BEGIN Data listing

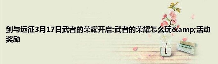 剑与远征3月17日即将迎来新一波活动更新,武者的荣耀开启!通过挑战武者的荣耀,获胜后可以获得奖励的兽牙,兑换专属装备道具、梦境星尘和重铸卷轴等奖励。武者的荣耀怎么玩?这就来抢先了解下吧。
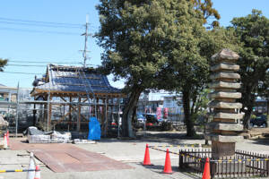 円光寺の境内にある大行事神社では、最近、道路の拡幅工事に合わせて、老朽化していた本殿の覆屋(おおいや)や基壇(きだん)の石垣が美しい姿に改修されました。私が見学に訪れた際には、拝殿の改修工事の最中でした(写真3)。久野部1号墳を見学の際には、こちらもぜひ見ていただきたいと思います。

END Data listing
BEGIN Data listing

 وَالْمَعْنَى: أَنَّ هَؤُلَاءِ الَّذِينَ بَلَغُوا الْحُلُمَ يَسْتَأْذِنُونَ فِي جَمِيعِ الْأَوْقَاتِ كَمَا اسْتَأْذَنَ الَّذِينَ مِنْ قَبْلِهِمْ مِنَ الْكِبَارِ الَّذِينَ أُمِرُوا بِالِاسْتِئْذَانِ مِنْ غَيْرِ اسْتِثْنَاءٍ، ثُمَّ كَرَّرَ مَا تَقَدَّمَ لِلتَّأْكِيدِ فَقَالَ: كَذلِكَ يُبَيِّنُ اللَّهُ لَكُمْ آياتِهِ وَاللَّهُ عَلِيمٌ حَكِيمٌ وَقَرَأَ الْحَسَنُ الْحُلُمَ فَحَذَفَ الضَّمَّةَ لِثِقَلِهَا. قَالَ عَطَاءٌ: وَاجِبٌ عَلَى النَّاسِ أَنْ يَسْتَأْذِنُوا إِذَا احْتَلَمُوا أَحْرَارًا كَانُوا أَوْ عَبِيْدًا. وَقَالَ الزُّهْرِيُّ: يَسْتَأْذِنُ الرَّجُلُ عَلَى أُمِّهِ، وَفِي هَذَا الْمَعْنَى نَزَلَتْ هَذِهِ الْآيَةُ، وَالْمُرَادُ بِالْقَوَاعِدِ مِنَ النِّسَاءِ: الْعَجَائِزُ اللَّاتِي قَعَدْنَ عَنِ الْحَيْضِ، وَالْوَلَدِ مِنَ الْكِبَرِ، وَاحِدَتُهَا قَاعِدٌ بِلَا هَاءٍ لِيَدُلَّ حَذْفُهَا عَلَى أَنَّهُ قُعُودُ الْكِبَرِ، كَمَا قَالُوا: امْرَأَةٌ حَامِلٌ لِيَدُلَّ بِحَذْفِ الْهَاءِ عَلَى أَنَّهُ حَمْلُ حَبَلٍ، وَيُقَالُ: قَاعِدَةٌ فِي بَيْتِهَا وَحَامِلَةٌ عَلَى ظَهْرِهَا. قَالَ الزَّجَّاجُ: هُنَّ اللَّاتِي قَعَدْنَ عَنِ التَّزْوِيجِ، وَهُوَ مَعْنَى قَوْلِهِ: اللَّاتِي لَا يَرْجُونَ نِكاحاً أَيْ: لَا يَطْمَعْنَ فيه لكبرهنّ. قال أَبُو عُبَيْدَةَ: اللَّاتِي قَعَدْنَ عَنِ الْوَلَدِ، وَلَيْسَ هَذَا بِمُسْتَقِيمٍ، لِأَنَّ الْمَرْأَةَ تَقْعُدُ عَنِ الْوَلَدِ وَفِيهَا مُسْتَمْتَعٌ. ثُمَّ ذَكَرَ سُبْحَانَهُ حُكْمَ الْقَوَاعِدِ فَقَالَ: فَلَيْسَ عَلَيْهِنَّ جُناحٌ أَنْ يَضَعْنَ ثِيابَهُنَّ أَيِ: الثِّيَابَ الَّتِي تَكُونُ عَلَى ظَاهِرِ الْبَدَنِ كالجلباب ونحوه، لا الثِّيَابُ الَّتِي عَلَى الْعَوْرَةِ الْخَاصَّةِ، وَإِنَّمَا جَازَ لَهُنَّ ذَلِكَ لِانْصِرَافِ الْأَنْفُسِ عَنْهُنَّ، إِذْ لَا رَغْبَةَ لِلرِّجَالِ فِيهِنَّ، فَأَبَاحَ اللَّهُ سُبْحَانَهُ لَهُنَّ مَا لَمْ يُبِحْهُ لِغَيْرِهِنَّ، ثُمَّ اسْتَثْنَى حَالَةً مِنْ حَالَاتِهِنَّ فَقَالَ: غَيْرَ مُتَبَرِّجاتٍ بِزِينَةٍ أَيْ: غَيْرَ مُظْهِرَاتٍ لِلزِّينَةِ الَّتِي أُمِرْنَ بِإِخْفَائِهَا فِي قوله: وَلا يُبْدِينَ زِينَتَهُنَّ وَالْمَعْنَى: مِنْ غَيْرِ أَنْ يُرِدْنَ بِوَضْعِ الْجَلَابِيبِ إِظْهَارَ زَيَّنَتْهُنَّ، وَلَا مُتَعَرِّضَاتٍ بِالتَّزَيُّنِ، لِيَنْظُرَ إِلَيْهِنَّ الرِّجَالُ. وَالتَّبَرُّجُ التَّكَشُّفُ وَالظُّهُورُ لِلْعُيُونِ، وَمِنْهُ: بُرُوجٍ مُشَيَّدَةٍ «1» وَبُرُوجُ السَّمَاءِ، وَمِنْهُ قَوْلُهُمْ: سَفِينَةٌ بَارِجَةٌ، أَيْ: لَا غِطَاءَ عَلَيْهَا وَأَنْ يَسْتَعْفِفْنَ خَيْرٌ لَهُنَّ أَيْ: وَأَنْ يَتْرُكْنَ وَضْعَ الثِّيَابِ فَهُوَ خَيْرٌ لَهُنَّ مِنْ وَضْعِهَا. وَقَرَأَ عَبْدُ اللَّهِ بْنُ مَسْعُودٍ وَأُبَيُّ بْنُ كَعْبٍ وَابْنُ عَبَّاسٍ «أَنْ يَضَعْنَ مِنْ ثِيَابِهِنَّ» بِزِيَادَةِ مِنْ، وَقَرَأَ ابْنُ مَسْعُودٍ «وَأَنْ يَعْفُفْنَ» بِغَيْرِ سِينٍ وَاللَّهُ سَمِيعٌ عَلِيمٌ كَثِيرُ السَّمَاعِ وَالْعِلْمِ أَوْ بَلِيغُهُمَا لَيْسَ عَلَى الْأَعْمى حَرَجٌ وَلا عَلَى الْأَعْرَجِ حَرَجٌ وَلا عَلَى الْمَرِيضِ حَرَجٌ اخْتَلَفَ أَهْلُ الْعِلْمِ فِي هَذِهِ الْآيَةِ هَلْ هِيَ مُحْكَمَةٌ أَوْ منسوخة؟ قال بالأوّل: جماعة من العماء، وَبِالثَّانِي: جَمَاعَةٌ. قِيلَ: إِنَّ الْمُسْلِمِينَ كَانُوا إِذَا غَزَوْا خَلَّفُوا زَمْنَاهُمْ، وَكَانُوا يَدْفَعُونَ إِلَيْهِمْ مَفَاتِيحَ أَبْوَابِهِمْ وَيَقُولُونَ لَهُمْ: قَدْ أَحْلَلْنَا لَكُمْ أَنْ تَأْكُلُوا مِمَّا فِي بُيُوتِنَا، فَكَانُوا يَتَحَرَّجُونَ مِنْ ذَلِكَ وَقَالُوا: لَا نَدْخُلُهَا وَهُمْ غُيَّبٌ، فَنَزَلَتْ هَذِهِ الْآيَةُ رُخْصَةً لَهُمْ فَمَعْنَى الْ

END Data listing

> _Task objective_
Print the part of the listing above that opens with the line containing "剑与远征3月17日即将迎来新" and closes with the line containing "円光寺の境内にある大行事神社". Copy it exactly, both ends included, and omit the pictures.

> _Written answer_
 剑与远征3月17日即将迎来新一波活动更新,武者的荣耀开启!通过挑战武者的荣耀,获胜后可以获得奖励的兽牙,兑换专属装备道具、梦境星尘和重铸卷轴等奖励。武者的荣耀怎么玩?这就来抢先了解下吧。
 円光寺の境内にある大行事神社では、最近、道路の拡幅工事に合わせて、老朽化していた本殿の覆屋(おおいや)や基壇(きだん)の石垣が美しい姿に改修されました。私が見学に訪れた際には、拝殿の改修工事の最中でした(写真3)。久野部1号墳を見学の際には、こちらもぜひ見ていただきたいと思います。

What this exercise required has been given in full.